The required output is the exact text of the lines from the line containing "7.2.10 Stamford Highback" through the final line below, inclusive, without pictures.

> _Given material_:
---

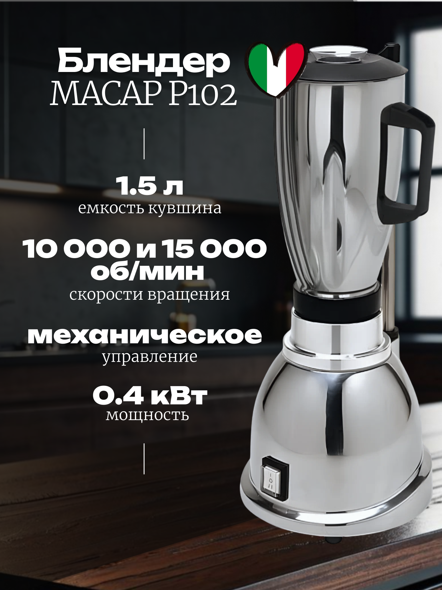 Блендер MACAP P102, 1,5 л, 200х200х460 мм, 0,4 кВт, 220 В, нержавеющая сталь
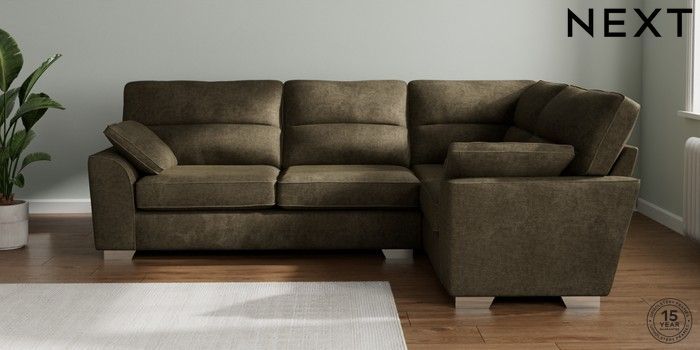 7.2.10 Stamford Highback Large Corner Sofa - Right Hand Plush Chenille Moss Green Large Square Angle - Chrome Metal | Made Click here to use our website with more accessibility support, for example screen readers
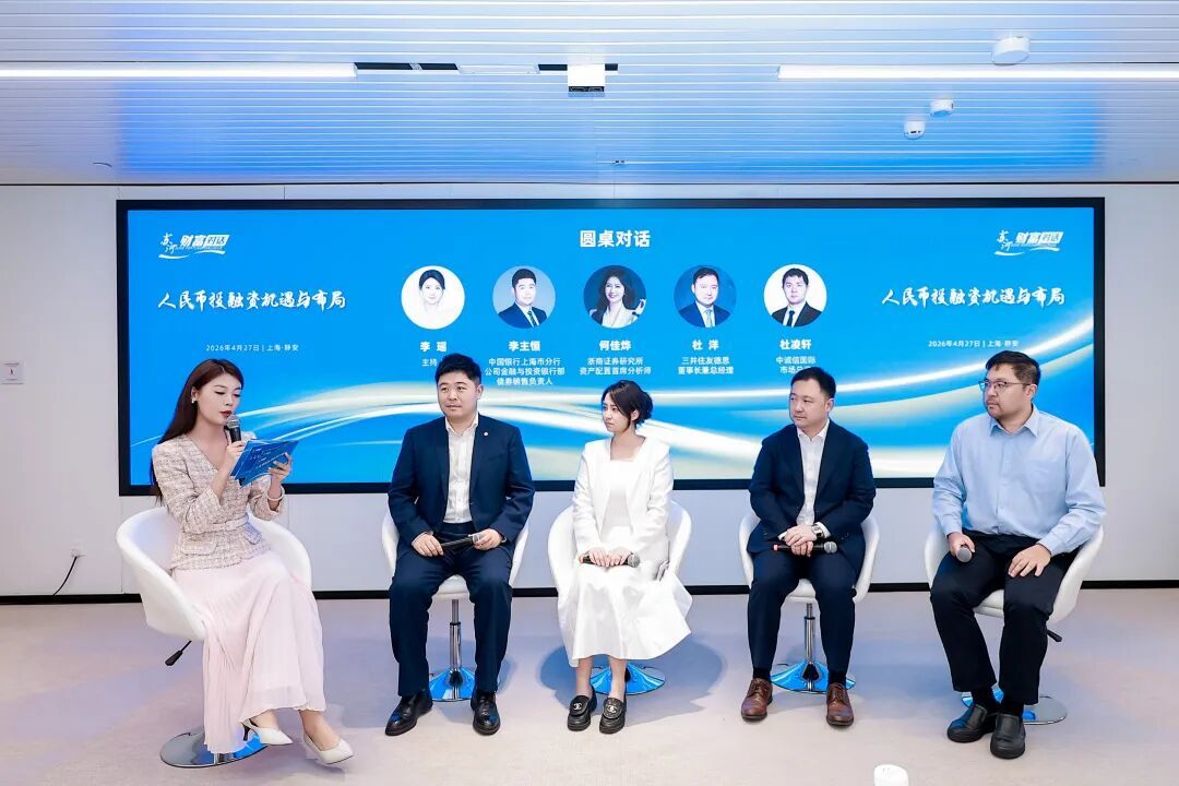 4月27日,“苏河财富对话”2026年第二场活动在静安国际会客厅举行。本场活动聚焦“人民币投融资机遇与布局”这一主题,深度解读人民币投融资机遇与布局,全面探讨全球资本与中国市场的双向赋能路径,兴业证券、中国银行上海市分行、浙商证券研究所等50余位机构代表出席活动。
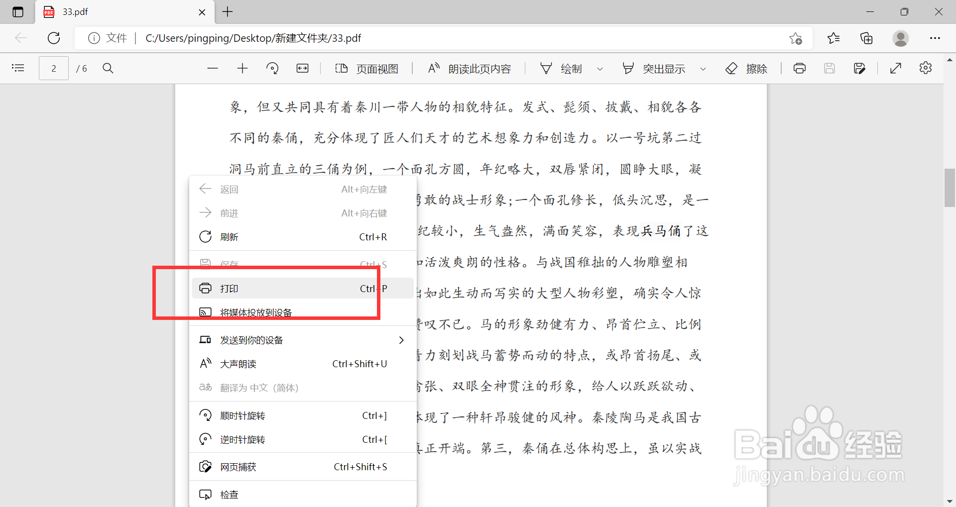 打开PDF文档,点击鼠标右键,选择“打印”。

---

> _Solution to this exercise_:
 7.2.10 Stamford Highback Large Corner Sofa - Right Hand Plush Chenille Moss Green Large Square Angle - Chrome Metal | Made Click here to use our website with more accessibility support, for example screen readers
 4月27日,“苏河财富对话”2026年第二场活动在静安国际会客厅举行。本场活动聚焦“人民币投融资机遇与布局”这一主题,深度解读人民币投融资机遇与布局,全面探讨全球资本与中国市场的双向赋能路径,兴业证券、中国银行上海市分行、浙商证券研究所等50余位机构代表出席活动。
 打开PDF文档,点击鼠标右键,选择“打印”。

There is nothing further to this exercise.